» **Supplied records**
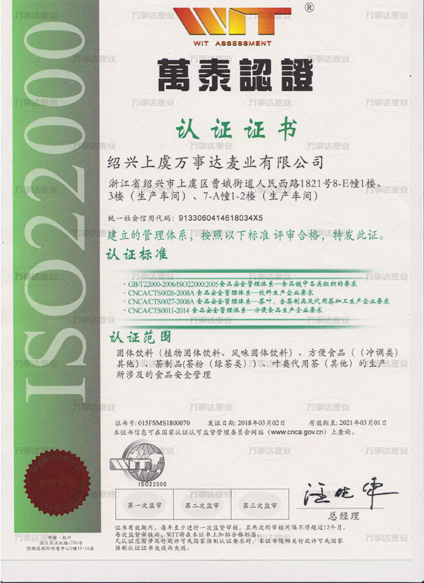 The scope of ISO22000 food safety management system certification of our company includes Food safety management in the production of solid beverage (plant solid beverage, flavored solid beverage), instant food (others), tea product (tea powder (green tea)), leaf substitute tea (others).
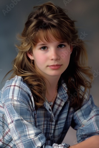 1980s style Yearbook headshot of a pretty high school teenage girl looking at the camera
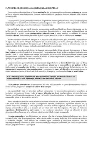 Los organismos fotosintéticos u organismos productores generan alimento para sí mismos y otros organismos mediante la fotosíntesis. Los organismos heterótrofos o consumidores no pueden producir su propio alimento y dependen de los productores u otros organismos para alimentarse. La energía fluye a través de las redes alimentarias en diferentes niveles tróficos, con los productores en el primer nivel y los consumidores en los niveles superiores. Los descomponedores desempeñan un papel clave al descomponer la materia
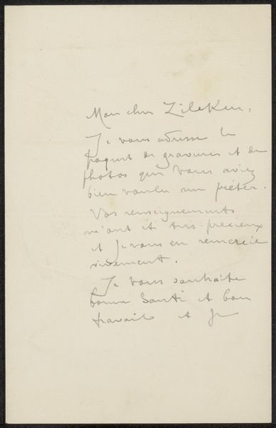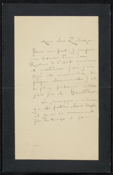 Curator: What a find! We're looking at a letter from Fernand Khnopff, a luminary of Belgian Symbolism, penned sometime before 1894. It’s titled "Brief aan Philip Zilcken," crafted with ink on paper. It gives one pause to reflect on the relationship between the artist, the medium, and the content itself. Editor: My initial impression is… tactile. The rough edges of the paper, the density of the ink—it screams materiality. It invites the viewer to imagine the very hand of the artist. There’s something so intimate about seeing the direct transfer of thought to paper. Curator: Indeed. Khnopff's elegant script exhibits an undeniable flow, a controlled freedom that mirrors his refined artistic sensibility. This particular shade of sepia, the layout of the handwriting on the sheet, creates a sophisticated rhythm, almost a silent choreography. Editor: And consider the labor invested. Ink wasn't just something you grabbed off the shelf—it was mixed, prepared, a craft in itself. Paper, too, would have been handmade, possessing inherent qualities influencing the writing experience. What do we even know about the mill it came from? The socio-economic systems involved in its production? Curator: While context is important, let us consider its inherent structural beauty, as form and expression cohere as one. Notice how each loop and line constructs distinct fields of shapes upon the paper plane. Observe the letterforms' subtle echoes from a bygone age, imbued by a symbolic visual language that carries more weight than the semantic content. Editor: Absolutely, the structure gives form to the message. But beyond pure aesthetics, its medium makes it. We often consider "high" art separate from everyday items such as this. However, there is craft, there is material, there is process. A symbolic expression may well come at the very origin of ink, pulp, and hand. It is not just content. Curator: I agree there's something beautiful to seeing such utility so skillfully combined with visual artifice. Editor: Ultimately, an encounter with pieces like these reminds us that art is fundamentally a social process, a record of human activity. Curator: Well, on the structural front, it has prompted my thoughts towards symbolism and a renewed appreciation for Khnopff's deft composition. Editor: For me, seeing Khnopff's hand so intimately connected with everyday production encourages thought toward the social context in his time.
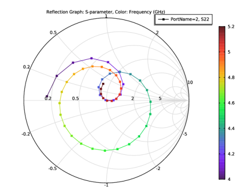 1 | در پنجره Model Builder ، گره Smith Plot (emw) 1 را گسترش دهید ، سپس روی Reflection Graph 1 کلیک کنید . |

» **Problem statement**
Pictures are not part of the copy. Restate everything else in the listing word for word.

» **Answer to this problem**
 The scope of ISO22000 food safety management system certification of our company includes Food safety management in the production of solid beverage (plant solid beverage, flavored solid beverage), instant food (others), tea product (tea powder (green tea)), leaf substitute tea (others).
 1980s style Yearbook headshot of a pretty high school teenage girl looking at the camera
 Los organismos fotosintéticos u organismos productores generan alimento para sí mismos y otros organismos mediante la fotosíntesis. Los organismos heterótrofos o consumidores no pueden producir su propio alimento y dependen de los productores u otros organismos para alimentarse. La energía fluye a través de las redes alimentarias en diferentes niveles tróficos, con los productores en el primer nivel y los consumidores en los niveles superiores. Los descomponedores desempeñan un papel clave al descomponer la materia
 Curator: What a find! We're looking at a letter from Fernand Khnopff, a luminary of Belgian Symbolism, penned sometime before 1894. It’s titled "Brief aan Philip Zilcken," crafted with ink on paper. It gives one pause to reflect on the relationship between the artist, the medium, and the content itself. Editor: My initial impression is… tactile. The rough edges of the paper, the density of the ink—it screams materiality. It invites the viewer to imagine the very hand of the artist. There’s something so intimate about seeing the direct transfer of thought to paper. Curator: Indeed. Khnopff's elegant script exhibits an undeniable flow, a controlled freedom that mirrors his refined artistic sensibility. This particular shade of sepia, the layout of the handwriting on the sheet, creates a sophisticated rhythm, almost a silent choreography. Editor: And consider the labor invested. Ink wasn't just something you grabbed off the shelf—it was mixed, prepared, a craft in itself. Paper, too, would have been handmade, possessing inherent qualities influencing the writing experience. What do we even know about the mill it came from? The socio-economic systems involved in its production? Curator: While context is important, let us consider its inherent structural beauty, as form and expression cohere as one. Notice how each loop and line constructs distinct fields of shapes upon the paper plane. Observe the letterforms' subtle echoes from a bygone age, imbued by a symbolic visual language that carries more weight than the semantic content. Editor: Absolutely, the structure gives form to the message. But beyond pure aesthetics, its medium makes it. We often consider "high" art separate from everyday items such as this. However, there is craft, there is material, there is process. A symbolic expression may well come at the very origin of ink, pulp, and hand. It is not just content. Curator: I agree there's something beautiful to seeing such utility so skillfully combined with visual artifice. Editor: Ultimately, an encounter with pieces like these reminds us that art is fundamentally a social process, a record of human activity. Curator: Well, on the structural front, it has prompted my thoughts towards symbolism and a renewed appreciation for Khnopff's deft composition. Editor: For me, seeing Khnopff's hand so intimately connected with everyday production encourages thought toward the social context in his time.
 1 | در پنجره Model Builder ، گره Smith Plot (emw) 1 را گسترش دهید ، سپس روی Reflection Graph 1 کلیک کنید . |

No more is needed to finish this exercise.